I've deleted a comment chain in which multiple people express their obvious affront that I've decided to label Isleward as a Roguelike and ARPG. 

I stand by my claims and I am very willing to discuss and defend them. That said, I will not allow this comment section to become filled with people who can not resolve disagreements amicably.

If anyone would still like to discuss this matter further, hit me up on Discord or Twitter please.

EDIT: It seems it's not clear enough at this point. This means, if you want to further complain about the genre classification, find another avenue to do it other than the itch.io page. Contact me on Discord where it's possible to have a cohesive discussion, for example.

(1 edit) (+18)(-3)

Honestly I sincerely think you're losing both face and income by calling this game a roguelike.
Here's why:
From the outside looking in it would appear there are effectively two schools of thought regarding roguelikes, for simple need of terms lets call them "traditionalists" and "new wavers"

Traditionalists have a strict set of criteria by which a game can be called a roguelike, a strict set that by which your game apparently does not fit, it may come close, but so do many other tile based games that simply arent. Calling your game a roguelike is due to this liable to annoy traditionalists out of buying/playing your game.

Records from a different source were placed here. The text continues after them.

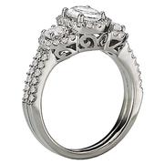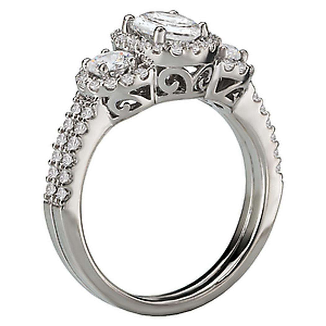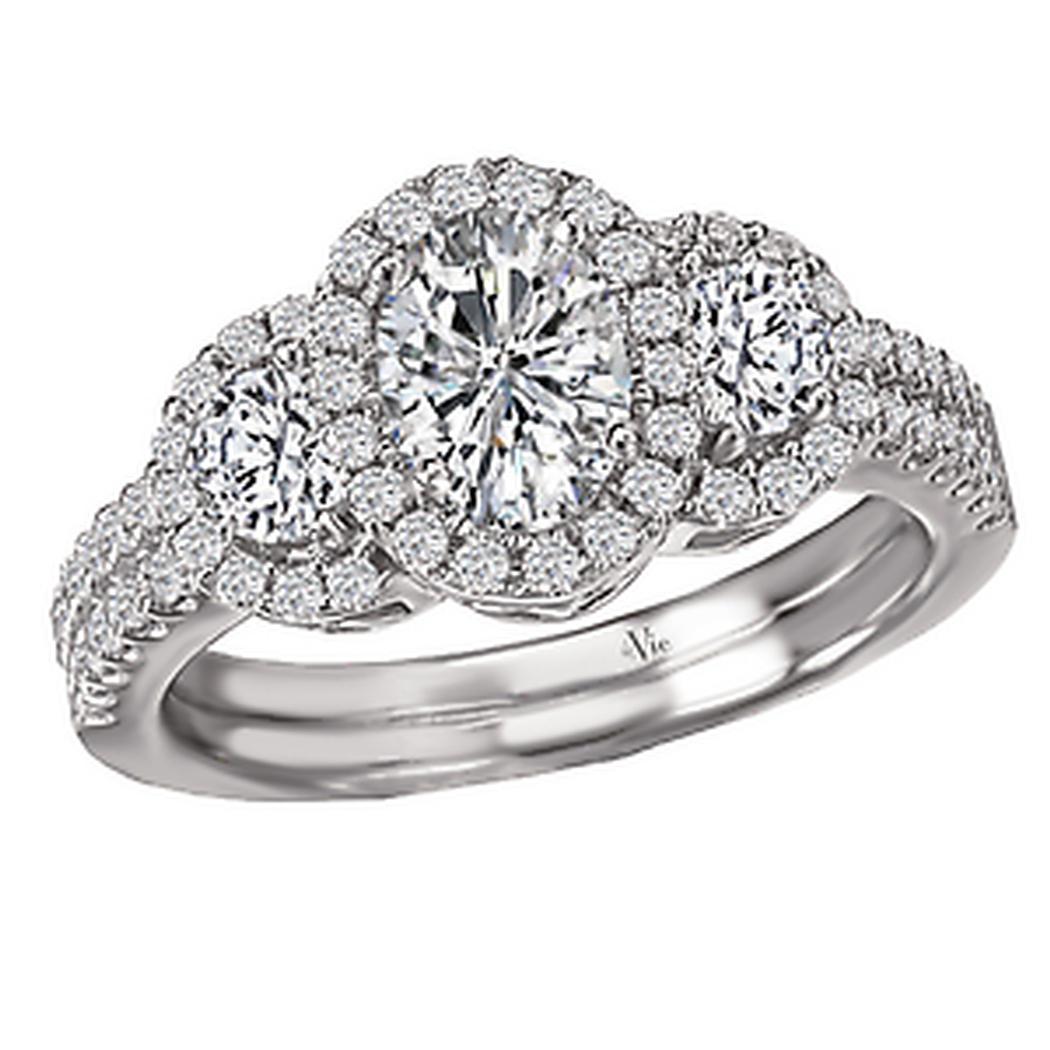 Triple Halo Diamond Ring in 14kt White Gold. (D 3/4 carat total weight) This item is a SEMI-MOUNT and it comes with NO CENTER STONE as shown but it will accommodate a 7x5mm oval center stone.
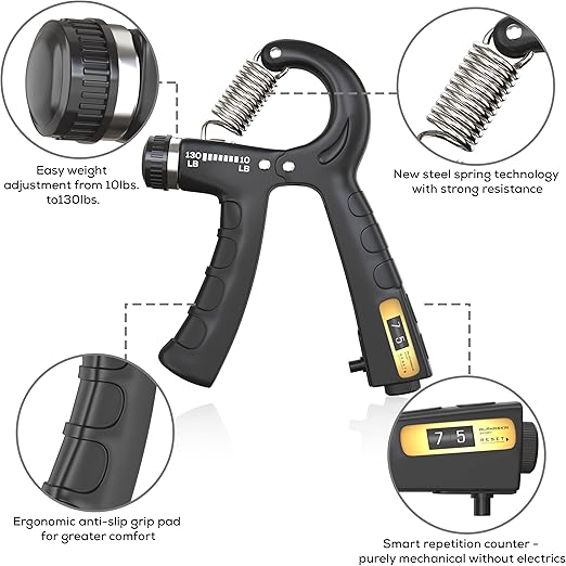 Denne premium håndtræner er det perfekte valg til både styrketræning og genoptræning. Den er ideel til klatrere og til dem, der ønsker at styrke deres greb eller opbygge finger-, hånd- og underarmsmuskler. Med den indbyggede tæller kan du nemt holde styr på dine fremskridt, hvilket gør træningen mere motiverende og effektiv.
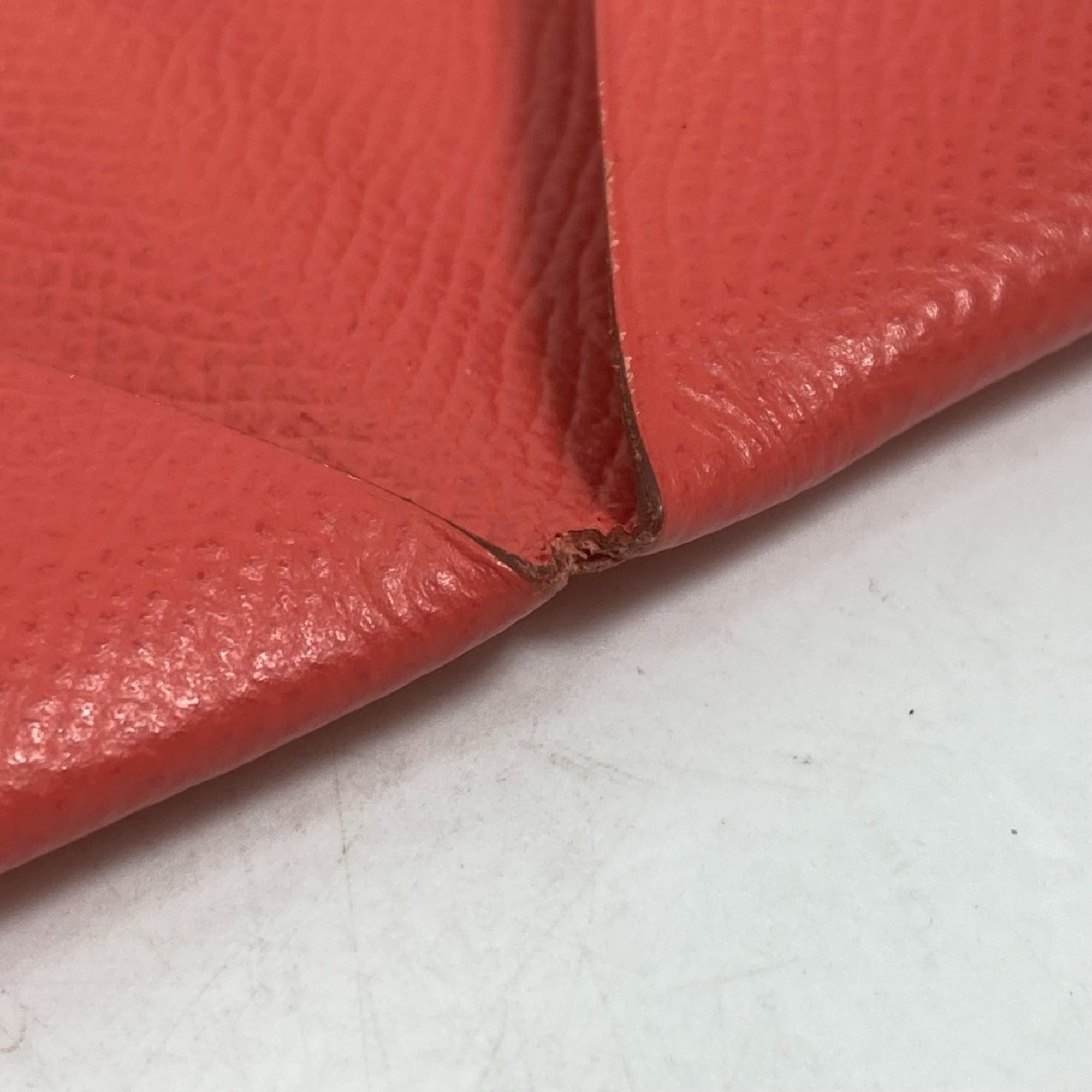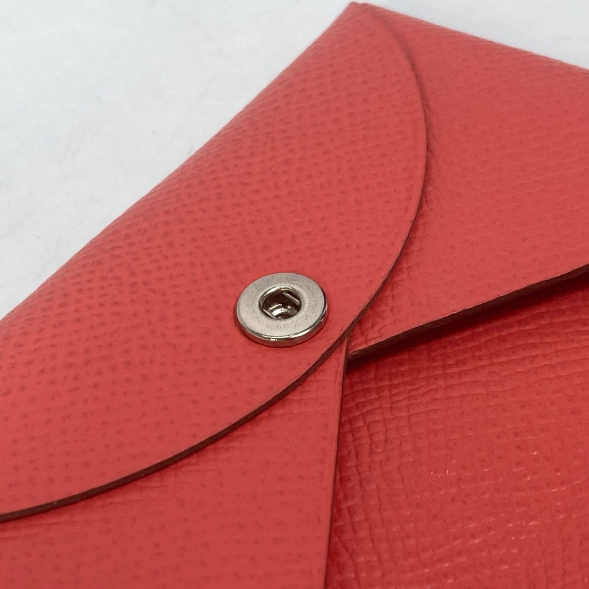 HERMES Calvi Bifold Business Card Case, Pass Epson, Women's, Rose Texas, Red

New wavers however will call anything with permadeath and procedural, resetting generation a roguelike. The trouble with pandering to what their market calls a roguelike is that due to the tile based nature of it your game doesnt have the marketability within such a crowd given their desire for swift, snappy action the likes of Spelunky, Isaac, Risk of Rain have. Then there's also the fact that they explicitly require procedural, and "resetting" generation of the world, an MMO the likes of which you've created looks like it would have procedural and "pesistent" generation of the world


This effectively creates a situation where by neither crowd is willing to call your game a roguelike, and both of which ask "why is this even here?". You are much like a cyberpunk cosplayer caught at a hypothetical goth convention whereby those into the victorian era gothic style are at odds with those into post modern goth culture.